Determining biomarkers that could predict for a response and survival benefit with cetuximab will be a key focus of future studies. We also do not understand the determinants of de novo or acquired resistance to cetuximab. We suspect that tumors with an EGFR vIII variant and therefore lacking the cetuximab-binding domain will be resistant, but this has not been formally shown. In addition, as patients are exposed to EGFR inhibitors earlier in the treatment course and in some cases as part of their initial treatment with radiation for curative intent, the utility of re-treatment with cetuximab for recurrent disease is unknown.
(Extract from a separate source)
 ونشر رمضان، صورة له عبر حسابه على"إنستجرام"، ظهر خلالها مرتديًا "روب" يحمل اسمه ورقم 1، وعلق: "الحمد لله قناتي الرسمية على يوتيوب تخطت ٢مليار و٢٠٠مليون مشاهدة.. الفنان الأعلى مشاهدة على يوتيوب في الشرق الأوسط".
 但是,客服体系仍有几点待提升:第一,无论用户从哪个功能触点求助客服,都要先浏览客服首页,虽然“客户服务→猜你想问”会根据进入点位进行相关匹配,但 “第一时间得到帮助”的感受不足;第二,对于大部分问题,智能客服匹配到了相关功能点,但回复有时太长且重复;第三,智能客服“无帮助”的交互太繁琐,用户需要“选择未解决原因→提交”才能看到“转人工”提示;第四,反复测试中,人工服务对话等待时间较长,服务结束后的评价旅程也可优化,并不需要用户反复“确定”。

A major focus of ongoing and future research is to study the safety and efficacy of cetuximab in combination with other EGFR inhibitors as well as other targeted therapies. Currently, trials are underway evaluating simultaneous targeting of multiple signaling pathways such as EGFR, insulin-like growth factor receptor, Akt and Src. For patients who have a hypersensitivity reaction to cetuximab, panitumumab may be a reasonable alternative although data from studies testing the activity of panitumumab in HNSCC are still quite limited.
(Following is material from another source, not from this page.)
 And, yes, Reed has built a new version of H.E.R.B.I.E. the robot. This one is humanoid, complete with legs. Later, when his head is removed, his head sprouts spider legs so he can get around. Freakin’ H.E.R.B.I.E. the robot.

The conventional loading dose, followed by a weekly maintenance schedule of cetuximab has been used in all of the clinical trials leading to its approval. This schedule can be inconvenient for patients though, as it requires weekly infusion room visits. There is an ongoing trial to study cetuximab dosing on an every-other-week schedule.102 If this proves to be feasible and efficacious, it may support future research to validate the every-other-week schedule as therapeutically equivalent to the conventional weekly schedule.
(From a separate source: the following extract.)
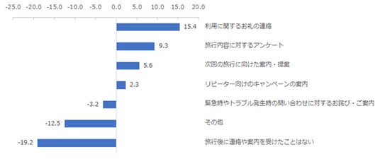 旅行後に受けとった連絡の経験別にNPSも分析したところ、旅行後にいずれかの連絡や案内を受けたことがある人のNPSは、連絡を受けたことがない人に比べて高くなりました。また、受け取った内容別では「利用に関するお礼の連絡」を受け取った人のNPSが最も高く15.4と高くなり、旅行後も利用者にお礼の連絡などのコミュニケーションをとっていくことの重要性がうかがえる結果となりました。

Finally, HNSCC that is related to the human papillomavirus (HPV) is emerging as a different disease compared to the traditional smoking- and alcohol-related HNSCC. HPV-associated HNSCC has been shown to have a generally favorable prognosis, and these tumors tend to be chemotherapy and radiotherapy sensitive.6 In a small study utilizing induction therapy for locally advanced HNSCC, tumors that were HPV, p16+ had an increased response to platinum and 5-FU.103 Biomarker analysis of the patient samples also indicated that HPV status and EGFR expression by immunohistochemistry were inversely related, with HPV+, low EGFR expressor having the best response to treatment and prognosis.104 Patients in this study did not receive cetuximab as part of their induction regimen, and therefore it is not known how the favorable prognosis group would respond to EGFR inhibition. Given the data, although from a small series, that HPV+ tumors have lower EGFR expression, one important question is whether cetuximab will improve the outcome of HPV+ disease in combination with chemotherapy. An even more provocative idea is whether cetuximab could be used in place of cytotoxic therapy. Analysis of specimens from existing studies will likely provide more insight into the biology of HPV+ HNSCC. In the future, trials will probably study these two subtypes of HNSCC separately, and in that context it will be useful to determine how effective cetuximab is for the treatment of HPV+, p16+ HNSCC.105

Table 1
Phase II studies of cetuximab in disease progressing on prior therapy
Table 2
Studies of cetuximab in the first-line setting for recurrent/metastatic disease



RBC is a member of the BMS/ImClone Speakers’ Bureau. MT and RM declare no conflicts of interest.